◆ TASK GOAL
Nothing but the lines from the one containing "Na het afnemen" through the last line of the data below should be returned, each exactly as it stands, pictures excluded.

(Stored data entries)
╔══
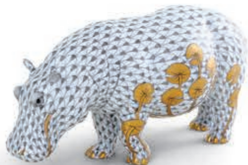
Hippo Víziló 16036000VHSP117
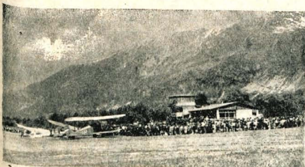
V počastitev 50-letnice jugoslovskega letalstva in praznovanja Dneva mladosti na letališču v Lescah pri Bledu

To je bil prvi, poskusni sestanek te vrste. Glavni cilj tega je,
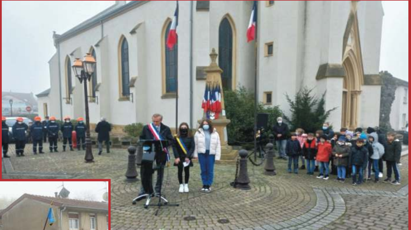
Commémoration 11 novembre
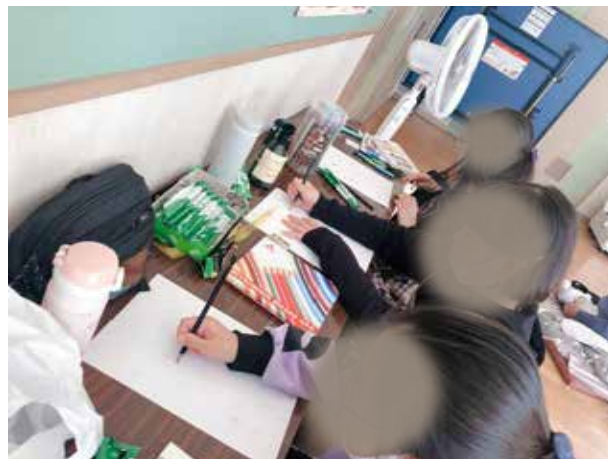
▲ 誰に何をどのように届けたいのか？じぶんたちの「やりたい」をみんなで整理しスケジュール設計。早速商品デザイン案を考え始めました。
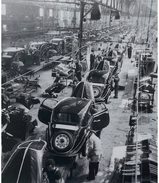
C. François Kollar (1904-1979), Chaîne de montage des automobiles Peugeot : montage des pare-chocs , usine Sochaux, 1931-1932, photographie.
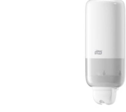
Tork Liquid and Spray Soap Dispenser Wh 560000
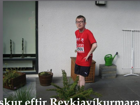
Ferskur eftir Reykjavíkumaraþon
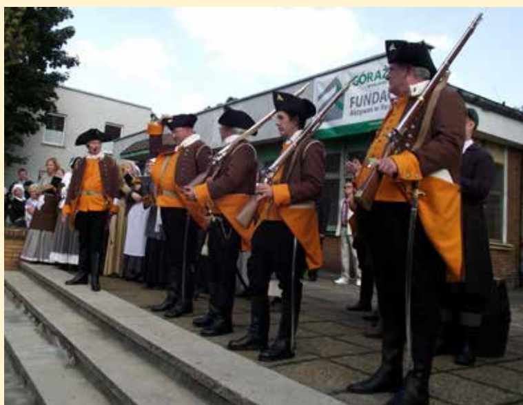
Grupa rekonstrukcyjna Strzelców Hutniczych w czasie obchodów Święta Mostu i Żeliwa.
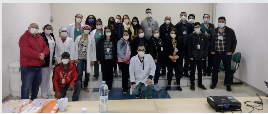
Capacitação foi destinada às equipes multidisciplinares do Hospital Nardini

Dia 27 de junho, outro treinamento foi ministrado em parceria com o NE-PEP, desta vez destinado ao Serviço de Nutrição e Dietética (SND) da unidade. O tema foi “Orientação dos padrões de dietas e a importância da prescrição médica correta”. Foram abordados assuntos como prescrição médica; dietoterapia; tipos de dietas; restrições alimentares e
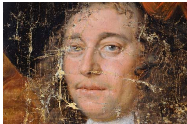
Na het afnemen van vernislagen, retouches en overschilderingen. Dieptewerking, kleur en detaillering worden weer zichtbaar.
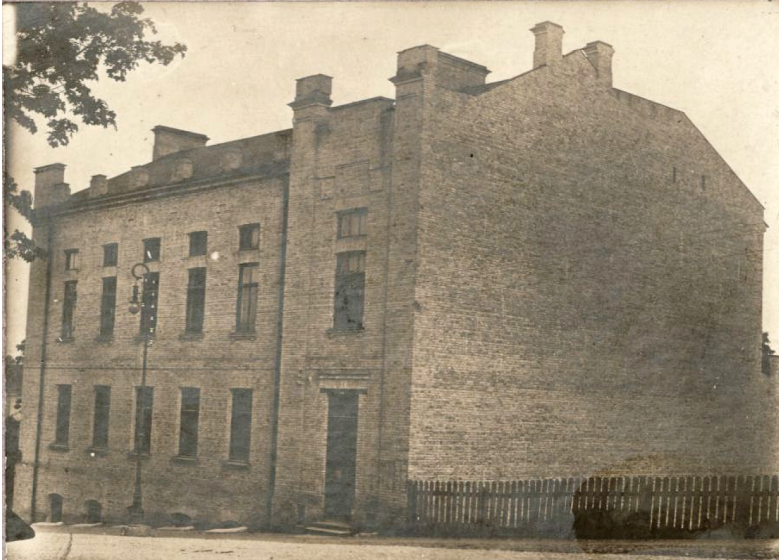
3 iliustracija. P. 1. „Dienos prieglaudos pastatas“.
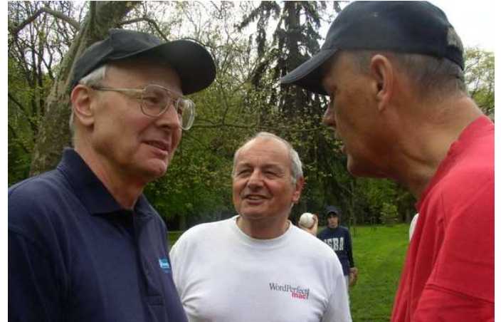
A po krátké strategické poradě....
╚══
◆ TASK ANSWER
Na het afnemen van vernislagen, retouches en overschilderingen. Dieptewerking, kleur en detaillering worden weer zichtbaar.
3 iliustracija. P. 1. „Dienos prieglaudos pastatas“.
A po krátké strategické poradě....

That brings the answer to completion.